Assignment: Produce a verbatim copy of the data below that contains no pictures.

----- Data extract

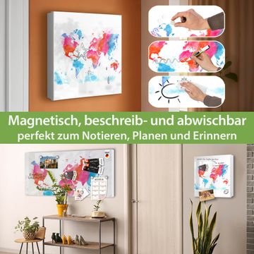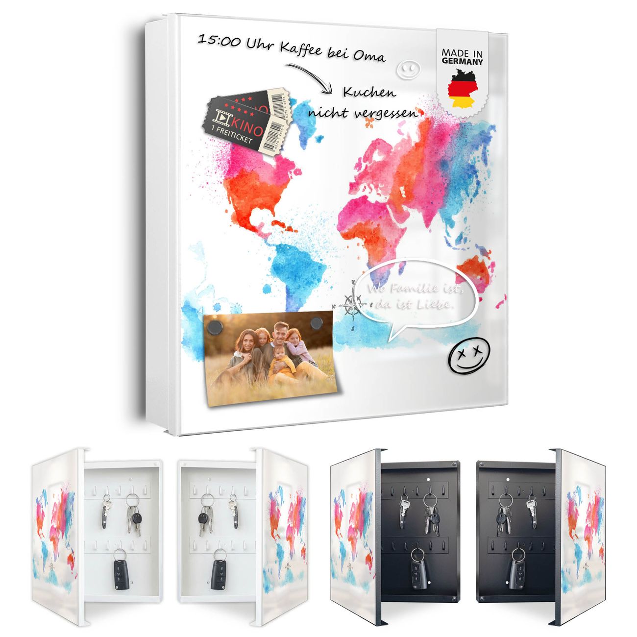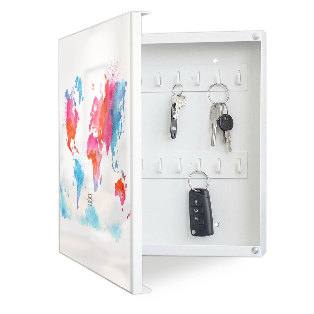 Bringe Ordnung und Eleganz in deinen Eingangsbereich mit dem banjado Schlüsselkasten Motiv Motiv Weltkarte pastell. Die moderne Schlüsselbox kombiniert funktionales Design mit hochwertiger Verarbeitung und wird so zu einem echten Hingucker in Flur, Büro oder Ferienwohnung. ✅ Stilvolle Schlüsselaufbewahrung mit Motiv Motiv Weltkarte pastell Der Design-Schlüsselkasten Motiv Motiv Weltkarte pastell bietet Platz für bis zu 32 Schlüssel, die auf 4 stabilen Reihen mit je 8 Haken übersichtlich verstaut werden. Mit seinen kompakten Maßen von 30 x 30 x 5 cm passt die Schlüsselbox perfekt auch in kleinere Räume. Der weiß lackierte Stahlkorpus mit links angeschlagenem Türscharnier harmoniert mit gedruckten Folie auf der Front und fügt sich nahtlos in jedes Wohnambiente ein. Ob als Schlüsselorganizer für Zuhause oder als praktische Lösung für Büros, Praxen und Gewerbe, der banjado Schlüsselkasten sorgt für Ordnung und Übersicht. Dank der magnetischen, mit Kreidestiften beschreibbaren Folie auf der Front kannst du Notizen anheften oder Termine direkt auf der Oberfläche festhalten. Die Schlüsselbox Motiv Motiv Weltkarte pastell zur Wandmontage wird inklusive Befestigungsmaterial geliefert und ist schnell angebracht. So hast du deine Schlüssel jederzeit griffbereit und zugleich stilvoll verstaut. Mit diesem banjado Schlüsselkasten Motiv Motiv Weltkarte pastell kombinierst du praktische Aufbewahrung mit stilvollem Wohndesign. Ob privat oder geschäftlich, die Schlüsselbox sorgt für mehr Ordnung, Übersicht und ein wohnliches Ambiente.Vorteile im Überblick
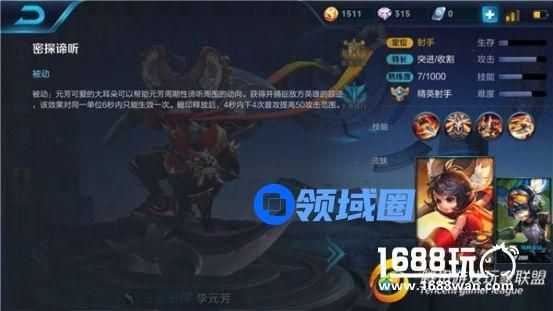 解析:被动技能可以让元芳在打野的时候观察敌方英雄走向,由于排位模式中没有战争迷雾,所以监听能力效果不是特别突出,但是暗印释放后提升普通攻击射程倒是非常不错的一个属性,能够显著提升李元芳的生存能力。
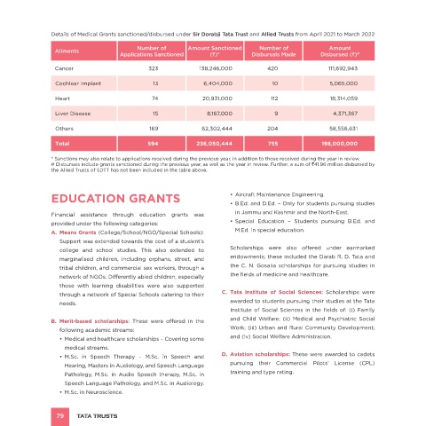 Details of Medical Grants sanctioned/disbursed under Sir Dorabji Tata Trust and Allied Trusts from April 2021 to March 2022
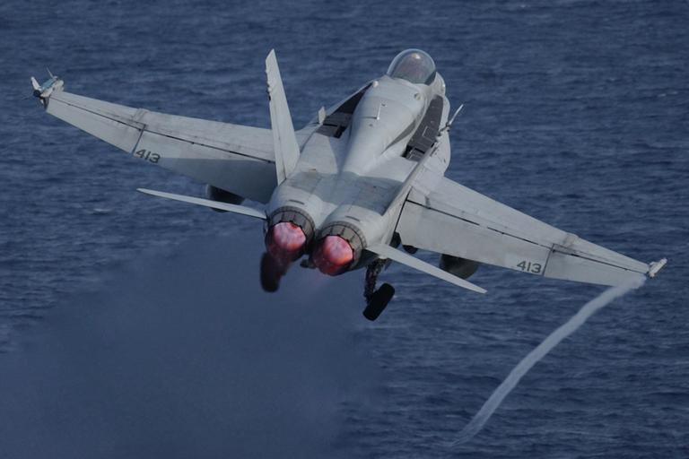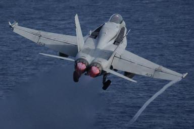 | Keywords: US Navy 040606-N-4308O-027 An F-A 18 Hornet assigned to the Gunslingers of Fighter Attack Squadron One Zero Five (VFA-105) launches from the bow of USS Harry S. Truman (CVN 75).jpg en Atlantic Ocean Jun 06 2004 - An F/A 18 Hornet assigned to the Gunslingers of Fighter Attack Squadron One Zero Five VFA-105 launches from the bow of USS Harry S Truman CVN 75 Truman is one of seven aircraft carriers involved in the Summer Pulse 2004 Exercise Summer Pulse 2004 is the simultaneous deployment of seven aircraft carrier strike groups CSGs demonstrating the ability of the Navy to provide credible combat power across the globe in five theaters with other U S allied and coalition military forces Summer Pulse is the Navy first deployment under its new Fleet Response Plan FRP U S Navy photo by Photographer's Mate Airman Ryan O'Connor RELEASED For more information go to <a href http //www cffc navy mil/summerpulse04 htm Target _BLANK >www cffc navy mil/summerpulse04 htm</a> 2004-06-06 040606-N-4308O-027 Navy http //www navy mil/view_image asp id 14721 U S Navy photo by Photographer's Mate Airman Ryan O'Connor PD-USGov-Military-Navy Aboard USS Harry S Truman CVN-75 Strike Fighter Squadron 105 United States Navy |

----------

Task response:
 Bringe Ordnung und Eleganz in deinen Eingangsbereich mit dem banjado Schlüsselkasten Motiv Motiv Weltkarte pastell. Die moderne Schlüsselbox kombiniert funktionales Design mit hochwertiger Verarbeitung und wird so zu einem echten Hingucker in Flur, Büro oder Ferienwohnung. ✅ Stilvolle Schlüsselaufbewahrung mit Motiv Motiv Weltkarte pastell Der Design-Schlüsselkasten Motiv Motiv Weltkarte pastell bietet Platz für bis zu 32 Schlüssel, die auf 4 stabilen Reihen mit je 8 Haken übersichtlich verstaut werden. Mit seinen kompakten Maßen von 30 x 30 x 5 cm passt die Schlüsselbox perfekt auch in kleinere Räume. Der weiß lackierte Stahlkorpus mit links angeschlagenem Türscharnier harmoniert mit gedruckten Folie auf der Front und fügt sich nahtlos in jedes Wohnambiente ein. Ob als Schlüsselorganizer für Zuhause oder als praktische Lösung für Büros, Praxen und Gewerbe, der banjado Schlüsselkasten sorgt für Ordnung und Übersicht. Dank der magnetischen, mit Kreidestiften beschreibbaren Folie auf der Front kannst du Notizen anheften oder Termine direkt auf der Oberfläche festhalten. Die Schlüsselbox Motiv Motiv Weltkarte pastell zur Wandmontage wird inklusive Befestigungsmaterial geliefert und ist schnell angebracht. So hast du deine Schlüssel jederzeit griffbereit und zugleich stilvoll verstaut. Mit diesem banjado Schlüsselkasten Motiv Motiv Weltkarte pastell kombinierst du praktische Aufbewahrung mit stilvollem Wohndesign. Ob privat oder geschäftlich, die Schlüsselbox sorgt für mehr Ordnung, Übersicht und ein wohnliches Ambiente.Vorteile im Überblick
 解析:被动技能可以让元芳在打野的时候观察敌方英雄走向,由于排位模式中没有战争迷雾,所以监听能力效果不是特别突出,但是暗印释放后提升普通攻击射程倒是非常不错的一个属性,能够显著提升李元芳的生存能力。
 Details of Medical Grants sanctioned/disbursed under Sir Dorabji Tata Trust and Allied Trusts from April 2021 to March 2022
 | Keywords: US Navy 040606-N-4308O-027 An F-A 18 Hornet assigned to the Gunslingers of Fighter Attack Squadron One Zero Five (VFA-105) launches from the bow of USS Harry S. Truman (CVN 75).jpg en Atlantic Ocean Jun 06 2004 - An F/A 18 Hornet assigned to the Gunslingers of Fighter Attack Squadron One Zero Five VFA-105 launches from the bow of USS Harry S Truman CVN 75 Truman is one of seven aircraft carriers involved in the Summer Pulse 2004 Exercise Summer Pulse 2004 is the simultaneous deployment of seven aircraft carrier strike groups CSGs demonstrating the ability of the Navy to provide credible combat power across the globe in five theaters with other U S allied and coalition military forces Summer Pulse is the Navy first deployment under its new Fleet Response Plan FRP U S Navy photo by Photographer's Mate Airman Ryan O'Connor RELEASED For more information go to <a href http //www cffc navy mil/summerpulse04 htm Target _BLANK >www cffc navy mil/summerpulse04 htm</a> 2004-06-06 040606-N-4308O-027 Navy http //www navy mil/view_image asp id 14721 U S Navy photo by Photographer's Mate Airman Ryan O'Connor PD-USGov-Military-Navy Aboard USS Harry S Truman CVN-75 Strike Fighter Squadron 105 United States Navy |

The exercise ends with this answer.